_TASK STATEMENT_
Lines from the one containing "ارتفع سعر البتكوين" to the end of the data below are to be restated exactly, with both ends included and nothing else.

_MATERIAL SHOWN_
- Opening Delimiter -

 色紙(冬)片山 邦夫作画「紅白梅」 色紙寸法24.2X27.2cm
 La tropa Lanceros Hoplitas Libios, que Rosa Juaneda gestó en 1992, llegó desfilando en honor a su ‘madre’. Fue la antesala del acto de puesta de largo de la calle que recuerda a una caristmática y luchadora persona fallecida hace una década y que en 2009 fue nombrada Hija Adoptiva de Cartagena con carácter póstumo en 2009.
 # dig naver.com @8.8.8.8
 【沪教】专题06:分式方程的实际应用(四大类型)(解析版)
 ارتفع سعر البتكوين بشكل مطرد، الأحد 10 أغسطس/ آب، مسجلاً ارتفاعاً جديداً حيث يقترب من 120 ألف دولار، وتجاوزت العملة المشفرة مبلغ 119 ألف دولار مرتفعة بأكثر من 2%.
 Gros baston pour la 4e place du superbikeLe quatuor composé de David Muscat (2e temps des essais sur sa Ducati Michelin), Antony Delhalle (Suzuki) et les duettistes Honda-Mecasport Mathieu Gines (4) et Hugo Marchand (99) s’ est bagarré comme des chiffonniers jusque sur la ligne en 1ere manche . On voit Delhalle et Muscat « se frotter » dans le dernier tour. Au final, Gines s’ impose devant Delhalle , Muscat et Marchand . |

- Closing Delimiter -

_RESPONSE AREA_
 ارتفع سعر البتكوين بشكل مطرد، الأحد 10 أغسطس/ آب، مسجلاً ارتفاعاً جديداً حيث يقترب من 120 ألف دولار، وتجاوزت العملة المشفرة مبلغ 119 ألف دولار مرتفعة بأكثر من 2%.
 Gros baston pour la 4e place du superbikeLe quatuor composé de David Muscat (2e temps des essais sur sa Ducati Michelin), Antony Delhalle (Suzuki) et les duettistes Honda-Mecasport Mathieu Gines (4) et Hugo Marchand (99) s’ est bagarré comme des chiffonniers jusque sur la ligne en 1ere manche . On voit Delhalle et Muscat « se frotter » dans le dernier tour. Au final, Gines s’ impose devant Delhalle , Muscat et Marchand . |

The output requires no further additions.